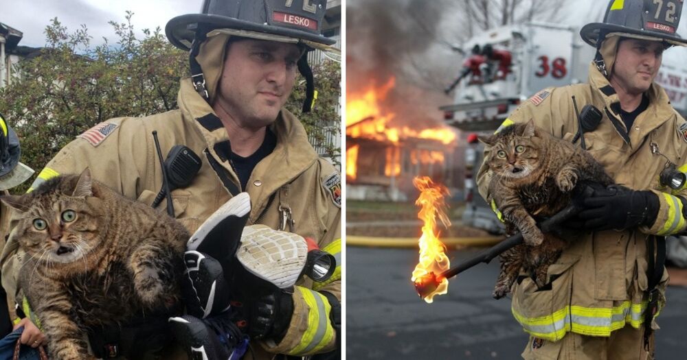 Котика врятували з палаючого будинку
________________________________________
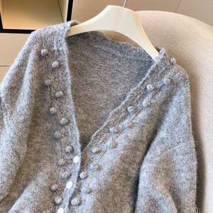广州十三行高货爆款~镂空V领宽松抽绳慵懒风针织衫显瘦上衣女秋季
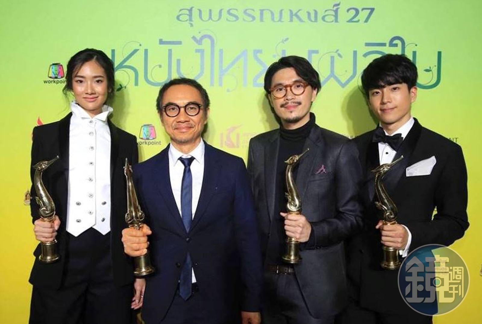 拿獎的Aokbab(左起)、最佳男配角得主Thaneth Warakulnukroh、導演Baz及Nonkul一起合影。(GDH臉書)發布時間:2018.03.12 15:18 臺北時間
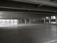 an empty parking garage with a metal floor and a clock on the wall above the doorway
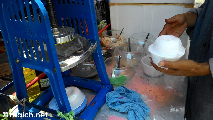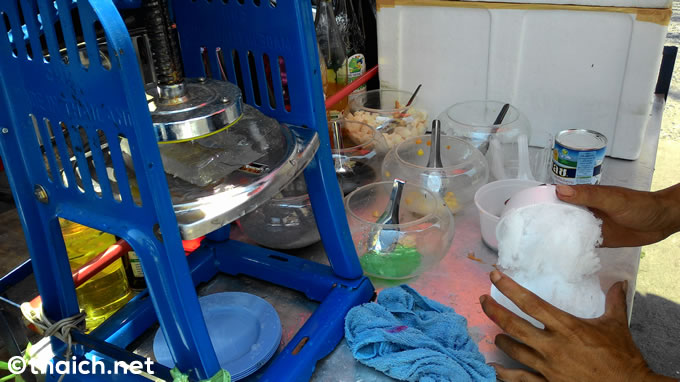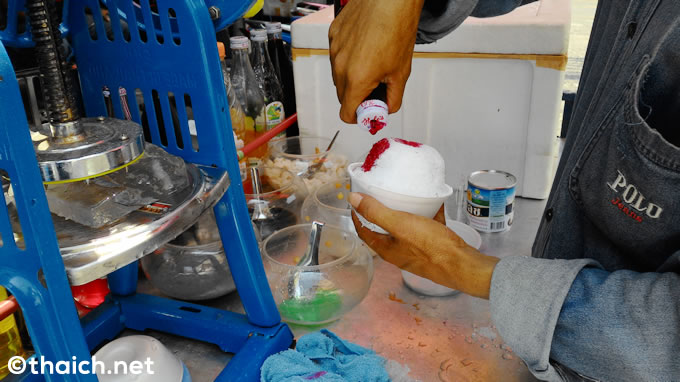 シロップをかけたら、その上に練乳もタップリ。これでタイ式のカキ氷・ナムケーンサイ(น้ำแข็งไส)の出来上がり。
________________________________________
→ **Problem to work on**
Although pictures appear among the entries, please set down only the lines from the one with "广州十三行高货爆款~镂空V领宽松抽绳慵懒风针织衫显瘦上衣女秋季" up to and including the one with "シロップをかけたら、その上に", word for word.

→ **Exercise result**
广州十三行高货爆款~镂空V领宽松抽绳慵懒风针织衫显瘦上衣女秋季
 拿獎的Aokbab(左起)、最佳男配角得主Thaneth Warakulnukroh、導演Baz及Nonkul一起合影。(GDH臉書)發布時間:2018.03.12 15:18 臺北時間
 an empty parking garage with a metal floor and a clock on the wall above the doorway
 シロップをかけたら、その上に練乳もタップリ。これでタイ式のカキ氷・ナムケーンサイ(น้ำแข็งไส)の出来上がり。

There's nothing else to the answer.